> Records shown
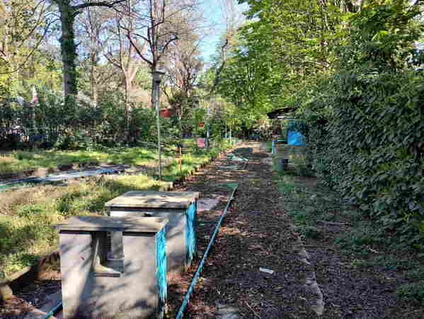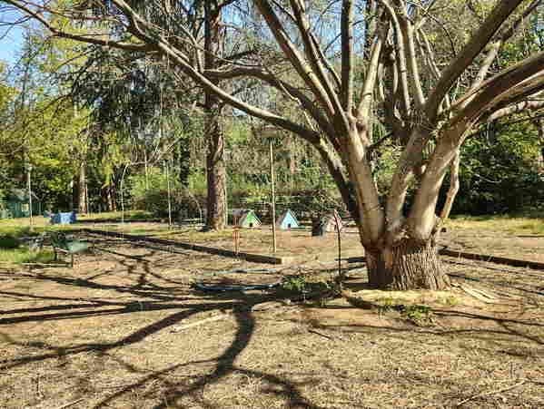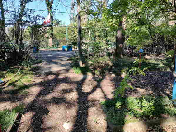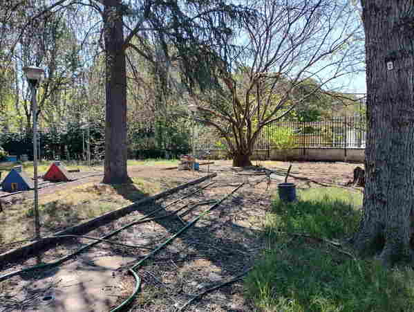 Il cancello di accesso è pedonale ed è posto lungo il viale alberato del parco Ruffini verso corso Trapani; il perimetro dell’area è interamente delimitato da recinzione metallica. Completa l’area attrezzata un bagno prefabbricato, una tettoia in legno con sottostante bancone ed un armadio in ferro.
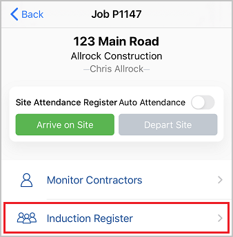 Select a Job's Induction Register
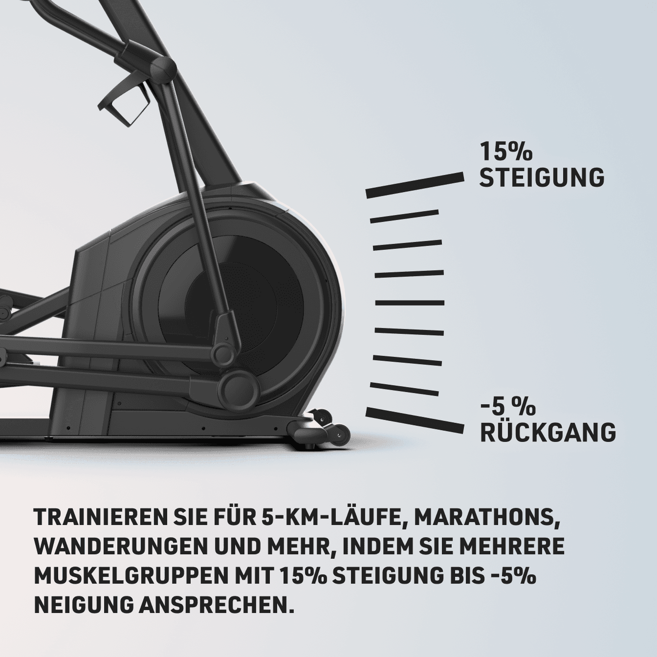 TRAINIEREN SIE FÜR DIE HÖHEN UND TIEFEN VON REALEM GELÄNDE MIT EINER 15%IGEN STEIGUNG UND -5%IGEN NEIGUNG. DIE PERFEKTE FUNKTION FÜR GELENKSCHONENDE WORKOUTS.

--

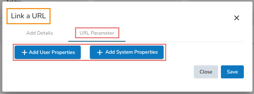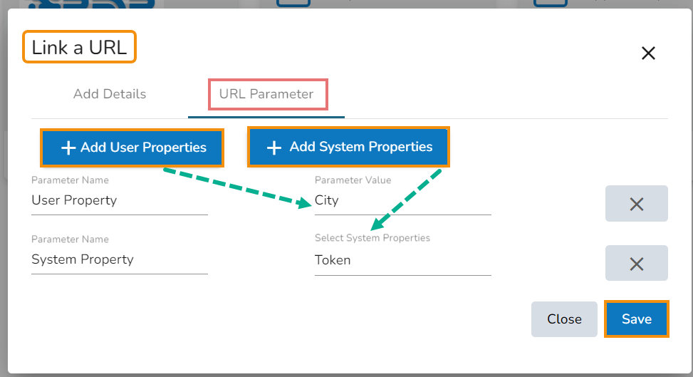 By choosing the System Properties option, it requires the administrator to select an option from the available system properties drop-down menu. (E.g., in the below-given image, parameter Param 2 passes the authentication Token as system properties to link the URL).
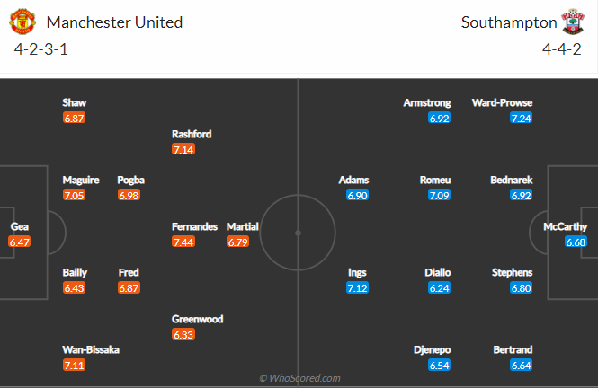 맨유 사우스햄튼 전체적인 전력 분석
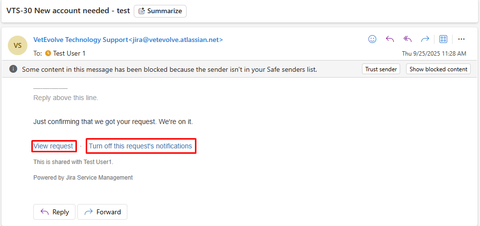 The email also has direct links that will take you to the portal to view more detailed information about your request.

> Your assignment
The answer must be the lines above from the one containing "Select a Job's Induction Register" through the one containing "TRAINIEREN SIE FÜR", reproduced exactly, with no pictures and nothing else.

> Answer to the problem
 Select a Job's Induction Register
 TRAINIEREN SIE FÜR DIE HÖHEN UND TIEFEN VON REALEM GELÄNDE MIT EINER 15%IGEN STEIGUNG UND -5%IGEN NEIGUNG. DIE PERFEKTE FUNKTION FÜR GELENKSCHONENDE WORKOUTS.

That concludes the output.